In the short term, ranging from a few months to a few years, energy systems are characterised by heavy capital investment and lots of inertia, ensuring changes are almost imperceptible.

Over longer time scales, ranging from one to three decades, systems evolve significantly in ways that are profoundly disruptive (tmsnrt.rs/33dVZjk).

Every generation faces its own energy transitions and shocks.

CONTINUOUS CHANGE

Even before the twentieth century, energy systems evolved rapidly. Small annual changes in the share of wood and coal, then the two most important sources, compounded into a major change in the overall mix.
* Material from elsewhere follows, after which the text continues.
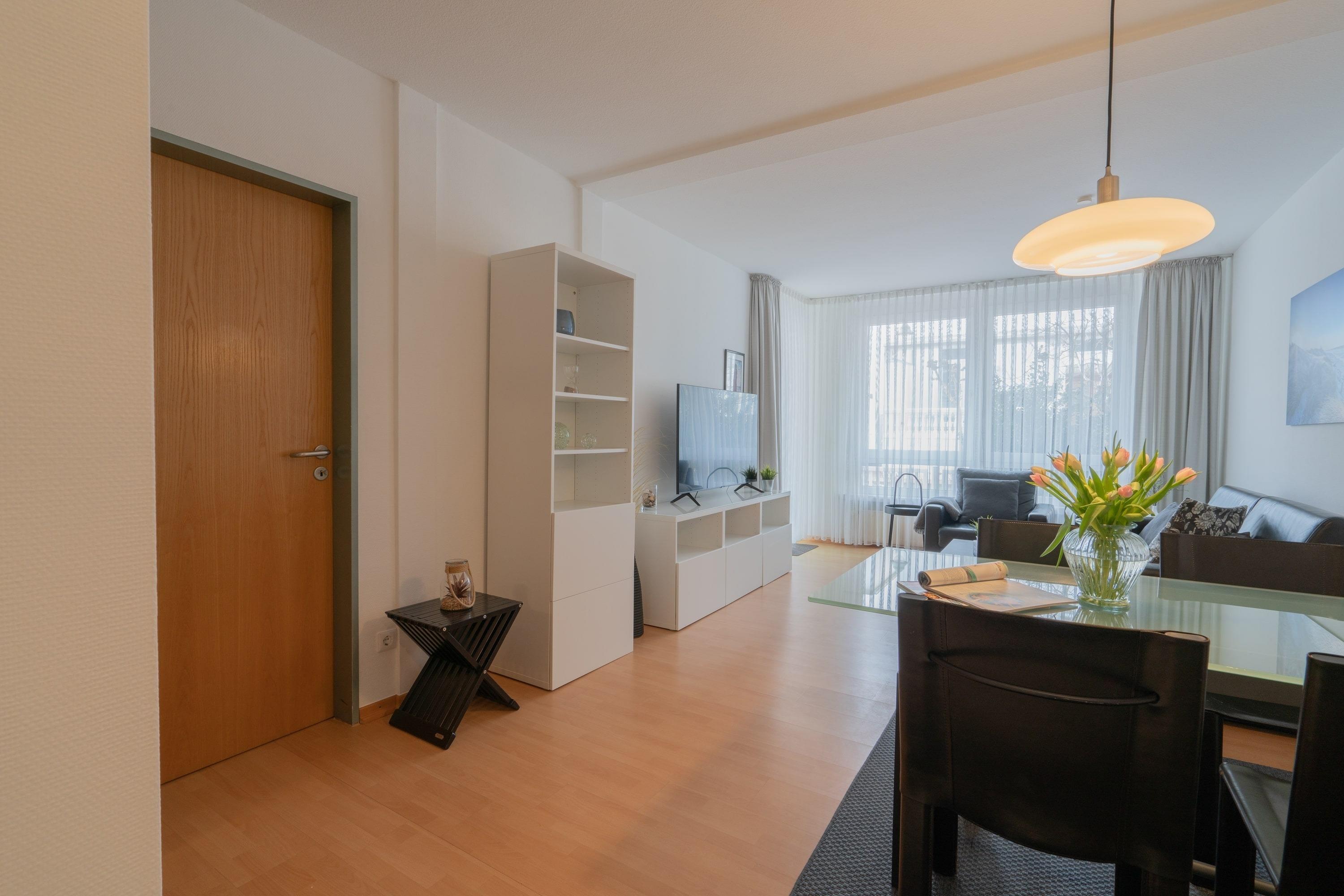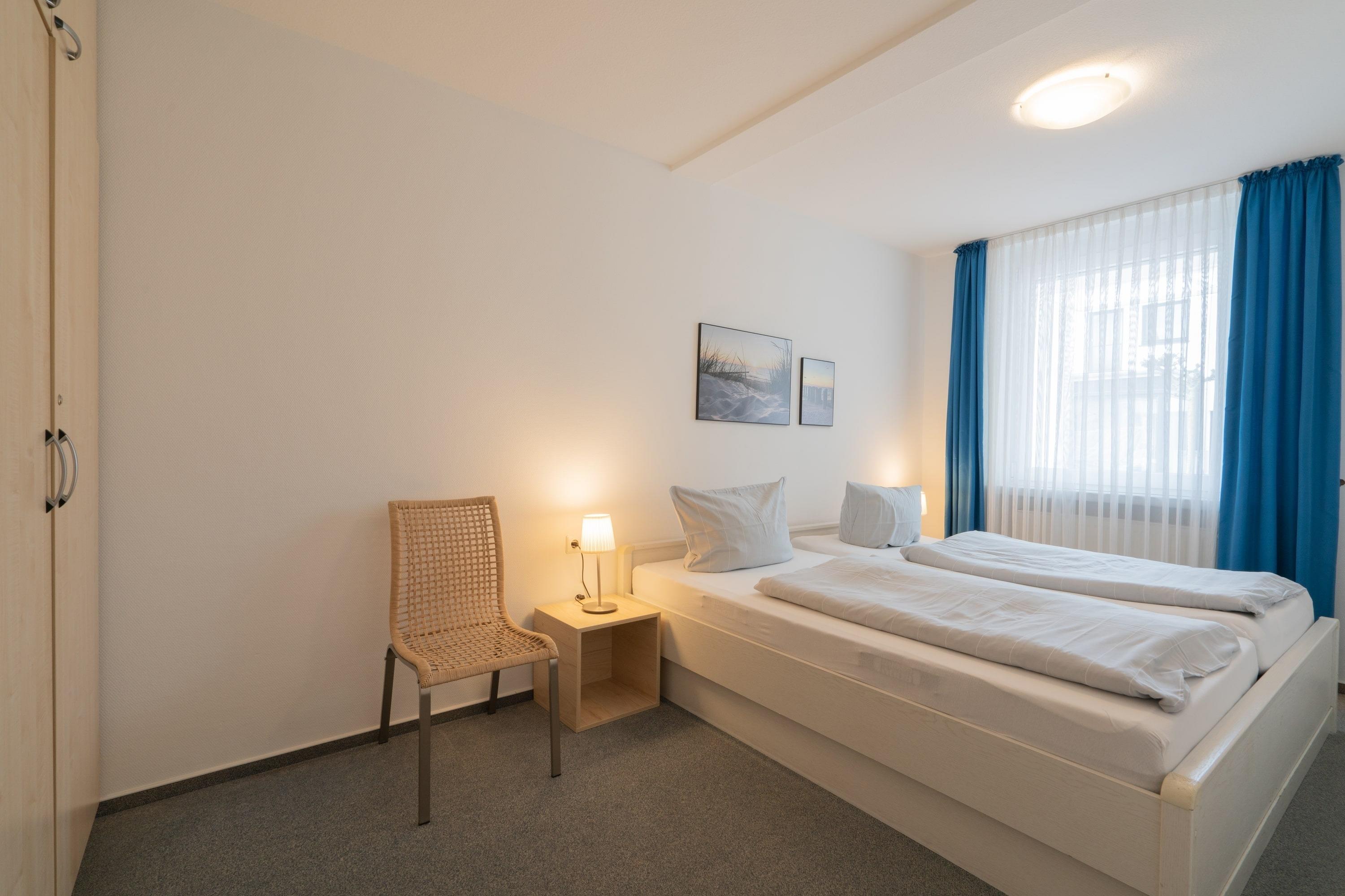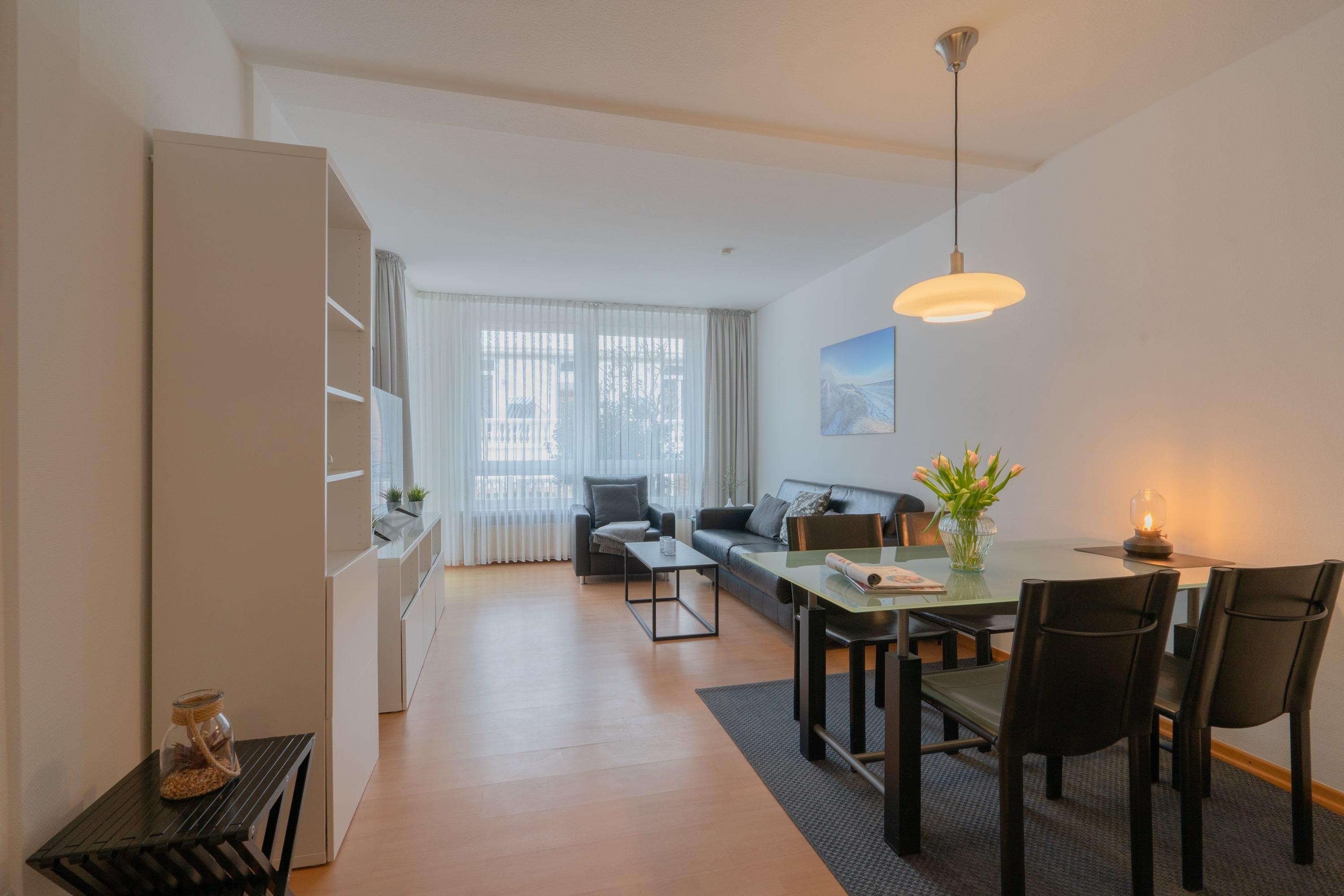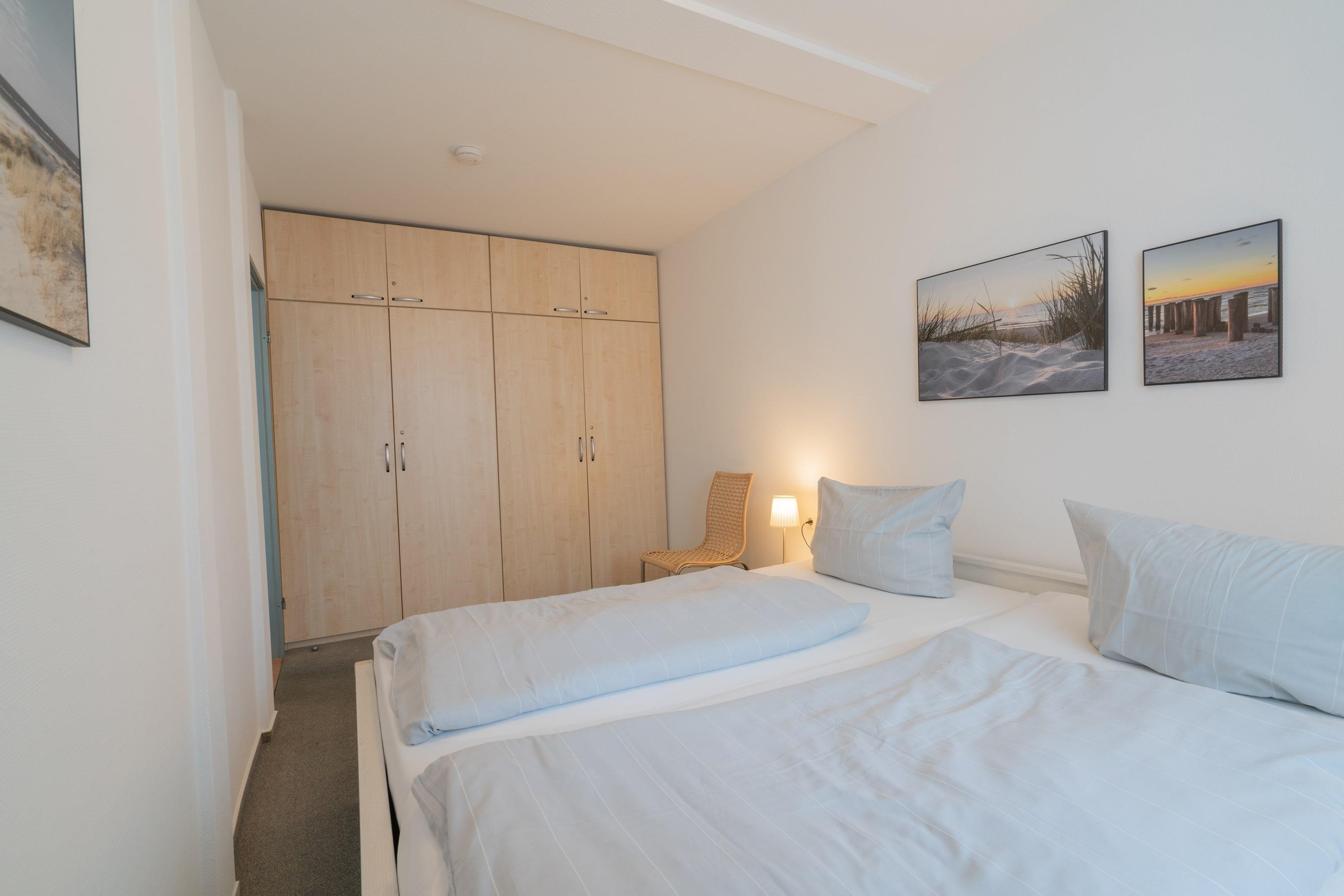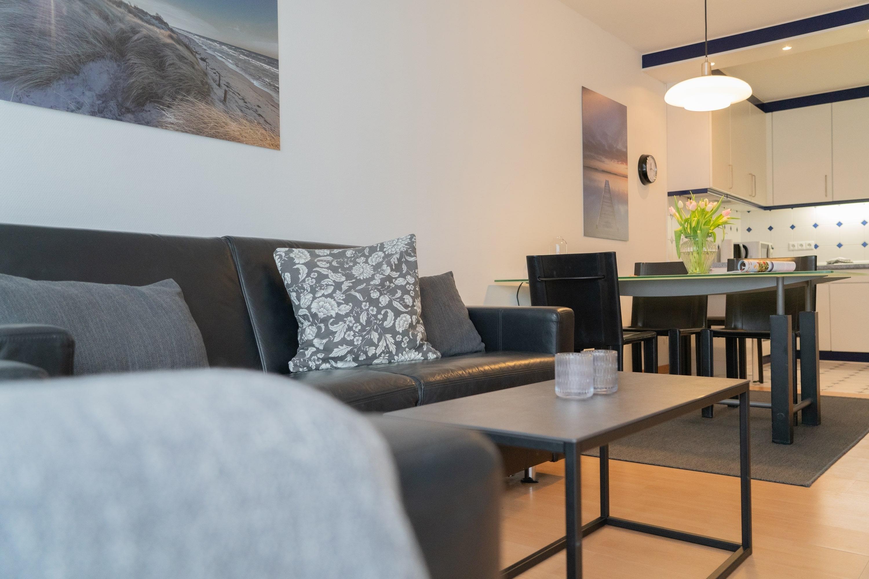 Die Wohnung überzeugt mit einer offenen Gestaltung. Das separate Schlafzimmer mit einem gemütlichen Doppelbett sorgt für erholsame Nächte, während das Schlafsofa im Wohnzimmer zusätzlichen Platz für Ihre Mitreisenden bietet. Der Wohnbereich ist hell und freundlich gestaltet – ideal, um nach einem Tag am Meer die Beine hochzulegen. Die offene Küche ist voll ausgestattet, sodass Sie sich kulinarisch austoben können.

In the United States, coal’s share of the energy mix grew from less than 10% in 1850 to almost 60% by 1890 (“Fuel wood used in the United States”, U.S. Department of Agriculture, 1942).

Since the 1850s, major energy sources have increased or reduced their share of the overall mix by an average of 3-8 percentage points per decade and as much as 10-20 points in the fastest-changing decades.

And over two-decade periods, major sources have increased or reduced their share by an average of 5-15 percentage points and by as much as 20-35 percentage points in the fastest decades.

In Britain, someone who entered the workforce in the 1920s in a world still dominated by coal and some steam power would have retired in the 1960s in a world increasingly dominated by oil and electricity.

Someone entering the workforce in the 1960s and retiring in the 2000s would have seen coal displaced by gas and the arrival and then gradual decommissioning of nuclear power plants.

It is very likely someone entering the workforce in 2020 – a world still dominated by oil, gas and the internal combustion engine – will retire in the 2060s in a very different energy world.

Over a working lifetime, energy systems are fairly elastic. It is reasonably certain the energy system of the 2060s will be very different from the 2020s.

But the direction and speed with which it evolves will be shaped by external forces, principally changes in technology, as well as pressure from policymakers, businesses, voters and consumers.